#### PROBLEM STATEMENT
Could the lines from the start of the data through the line with "Урок изучения нового" be set down exactly, with no pictures among them?

#### MATERIAL TO PROCESS
+++++

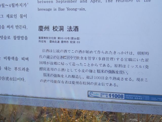 4月1日に世界遺産、慶州に行ってきました。友人とお互いの母を連れての、旅でした。ガイドさんが日本語がお上手で、細かいことまでわかりやすく説明して頂き、改めて慶州の素晴らしさを実感しました。昼食の時も何度も「美味しく召し上がっていただいていますか?」と聞きに来て頂き、(かなり美味しかったです。)その心遣いと美しい日本語には、頭が下がりました。校洞法酒も購入、ハルモ二にもお会い出来、素晴らしい一日でした。
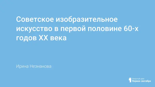 Урок изучения нового материала выявляет основные идеи изобразительного искусства СССР на примере произведений художников в 60-х годов ХХ века. На уроке идет обсуждение, актуальны ли идеалы 60-х годов ХХ века для XXI века; рассматриваются направления в изобразительном искусстве первой половины 60-х годов ХХ века с использованием презентации.
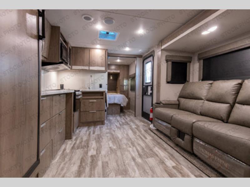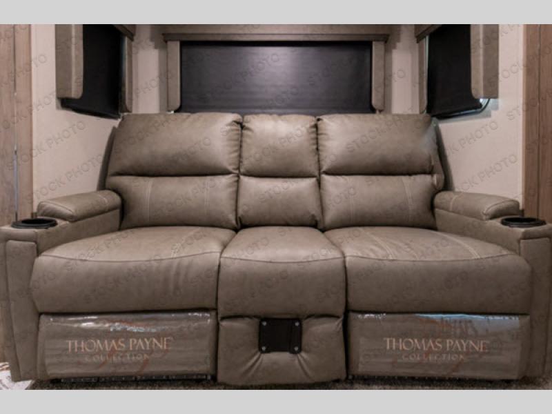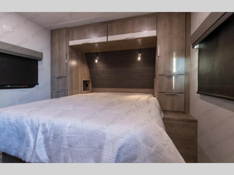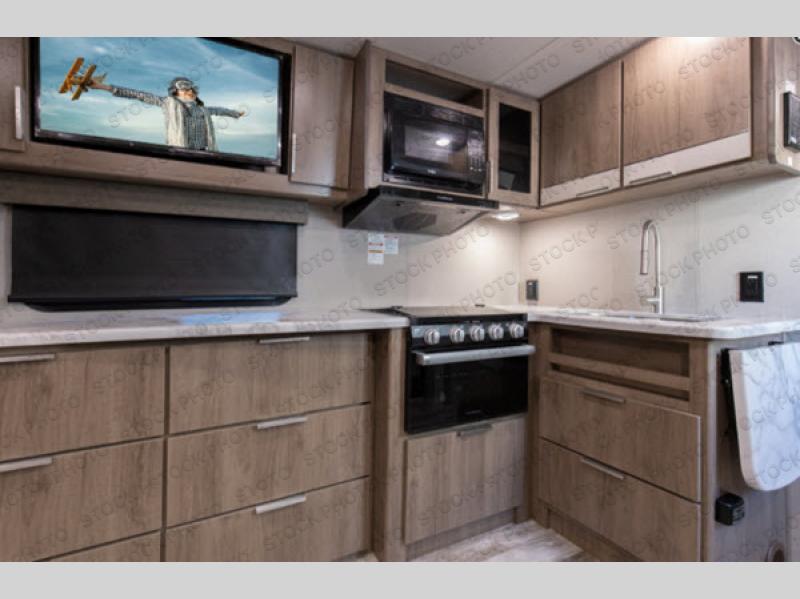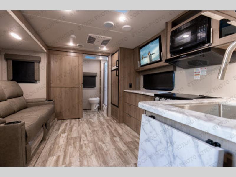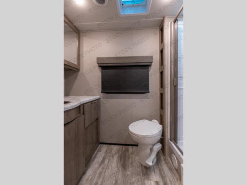 If you appreciate your privacy, this trailer offers a bedroom up front with a space saving door and a rear full bathroom with a space savings door, both giving you more interior space to enter and exit each area. The bathroom even has a window for great views plus extra counter space and storage for your toiletries and such. The bedroom gives a couple their own side of the walk-around queen bed to keep their clothing and such plus windows to check outside for the weather. The main living and kitchen area is spacious with a slide out theater dinette including a removable table or choose a booth dinette option. You can watch the HD TV while the cook makes a warm meal in the full kitchen. And the electric awning offers an outdoor living area when you add your camping chairs taken from the pass-through storage.
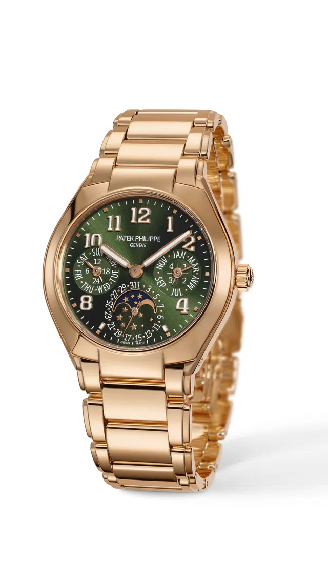 Yet, the complication watch is attractively slim at 9.95 mm, and comes dressed entirely in rose gold, including the bracelet. Its fully polished 36-mm rose-gold case frames a sunburst dial in a Christmassy olive green.
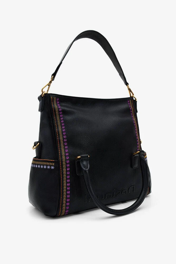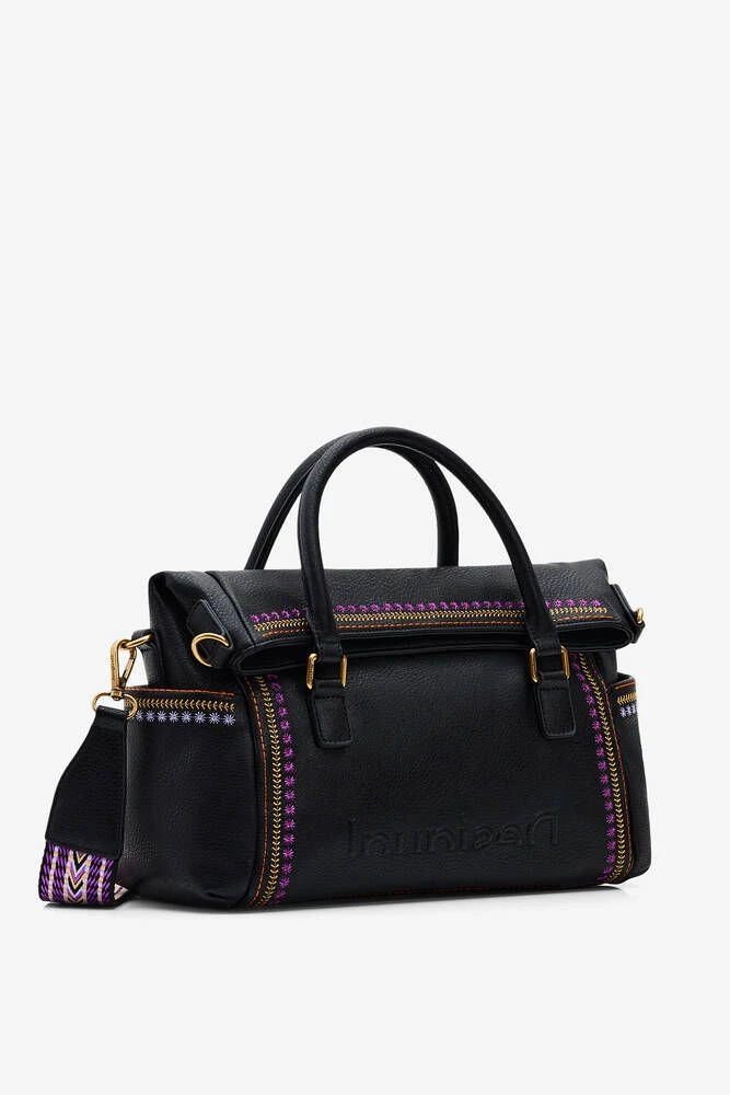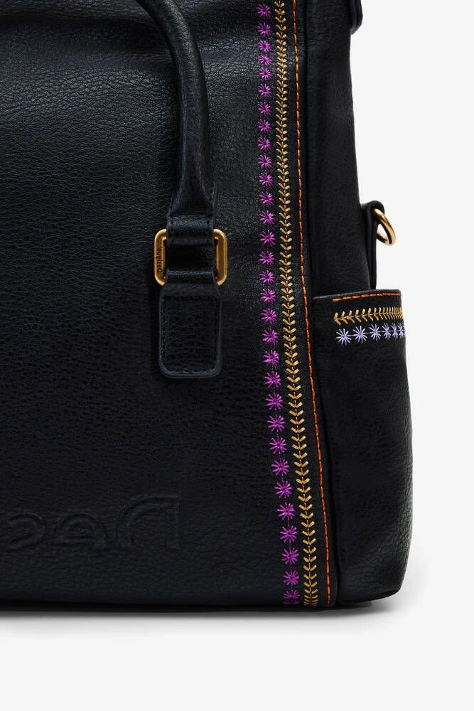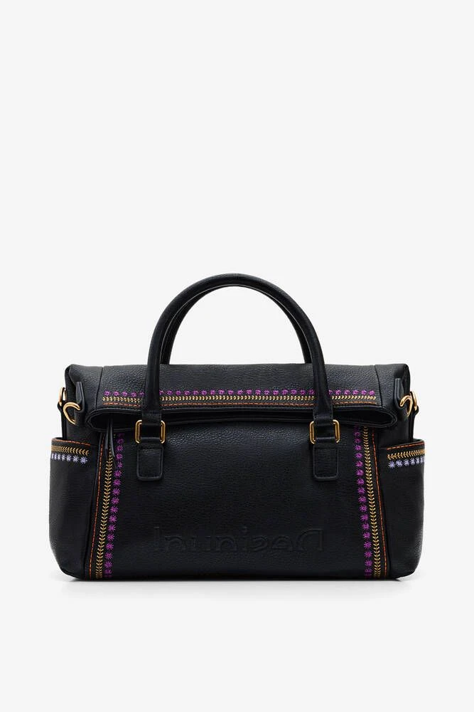 Monikäyttöinen laukku käännettävällä läpällä ja värikkäällä brodeerauksella. Laukussa on lyhyet kantohihnat, irroitettava lyhyt hihna sekä säädettävä ja irroitettava printtikangashihna.
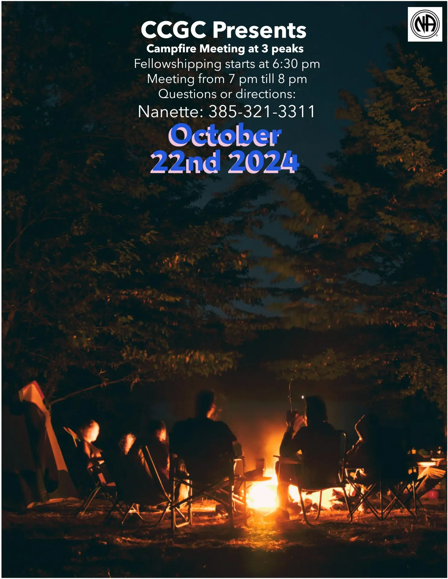 Campfire Meeting at 3 peaks Fellowshipping starts at 6:30 pm Meeting from 7 pm till 8 pm Questions or directions: Nanette: 385-321-3311 October 22nd 2024 3 Peaks West Mid-Valley Rd Cedar City, UT 84721
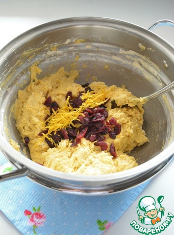 Вилкой замесите тесто, оно довольно липкое, добавьте клюкву и натертую цедру лимона. Влейте растопленное сливочное масло и хорошо вымесите тесто.

+++++

#### ANSWER FOR THE TASK
 4月1日に世界遺産、慶州に行ってきました。友人とお互いの母を連れての、旅でした。ガイドさんが日本語がお上手で、細かいことまでわかりやすく説明して頂き、改めて慶州の素晴らしさを実感しました。昼食の時も何度も「美味しく召し上がっていただいていますか?」と聞きに来て頂き、(かなり美味しかったです。)その心遣いと美しい日本語には、頭が下がりました。校洞法酒も購入、ハルモ二にもお会い出来、素晴らしい一日でした。
 Урок изучения нового материала выявляет основные идеи изобразительного искусства СССР на примере произведений художников в 60-х годов ХХ века. На уроке идет обсуждение, актуальны ли идеалы 60-х годов ХХ века для XXI века; рассматриваются направления в изобразительном искусстве первой половины 60-х годов ХХ века с использованием презентации.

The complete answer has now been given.